Ativo nas redes sociais, Porciuncula gosta de fazer referência a pensadores conservadores e a citações bíblicas. Além de suas convicções políticas, defende a família e critica a “narrativa” construída contra a masculinidade (“Quando Hollywood nos informou que o novo 007 será uma mulher, muita gente ficou surpresa com o fato e achou que tudo se tratava apenas de uma ideia tola de um mau diretor ou roteirista. Não é! O caso não é um mero acidente, mas sim o resultado de uma ideologia muito bem planejada e orquestrada, que visa eliminar completamente o ethos masculino da imaginação popular ocidental”, tuitou recentemente).
Amizades
São boas as relações do “Capitão Cultura” com a família Bolsonaro. No dia 27 de junho, o deputado federal Eduardo Bolsonaro (PSL-SP) exibiu em seu canal do YouTube uma entrevista com Porciuncula. A amizade com o “03”, avalia um funcionário da pasta, poderia abrir espaço para cacifar uma futura candidatura do secretário na Bahia. No dia 14 de junho, Porciuncula e Frias viajaram para Luís Eduardo Magalhães (BA), onde se reuniram com Eduardo, Aleluia e o prefeito da cidade, Júnior Maraba (DEM). Na agenda oficial dos secretários constava a pauta “Apresentação da Feira Bahia Farm Show e retomada da Cultura pós-pandemia”. Previsto para maio de 2022, o evento é voltado a tecnologia agrícola e negócios. Questionada sobre a existência de projetos culturais relacionados à feira, a pasta não respondeu até a publicação da reportagem.

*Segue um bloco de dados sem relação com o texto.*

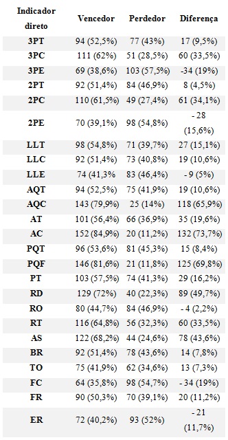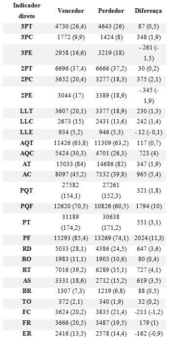 Justamente nos indicadores negativos é que o perdedor de cada partida foi superior ao vencedor. Em todos os demais indicadores, o vencedor foi superior, com destaque para o total de pontos feitos (PF) e total de pontos de quadra feitos (PQF). Em segundo plano, destaque para arremessos de quadra totais (AQT) e convertidos (AQC) e rebotes totais RT), este único indicador de destaque não relacionado à pontuação. Resultados semelhantes foram identificados por Csataljay et al. (2009), em estudo ao campeonato europeu, Dias Neto (2007), em relação ao campeonato mundial, Almas (2015) em edição anterior do NBB e Canan, Mendes e Silva (2015) (ver Tabela 06).

Neste momento, a nova frente de batalha de Porciuncula e Frias é a votação do Projeto de Lei Paulo Gustavo, que prevê o repasse de R$ 4,2 bilhões dos recursos já aprovados e não utilizados do Fundo Nacional de Cultura (FNC) a estados e municípios. Nas redes, a dupla vêm criticando o projeto, argumentando que ele pode destruir “a política pública nacional, de responsabilidade do governo federal”.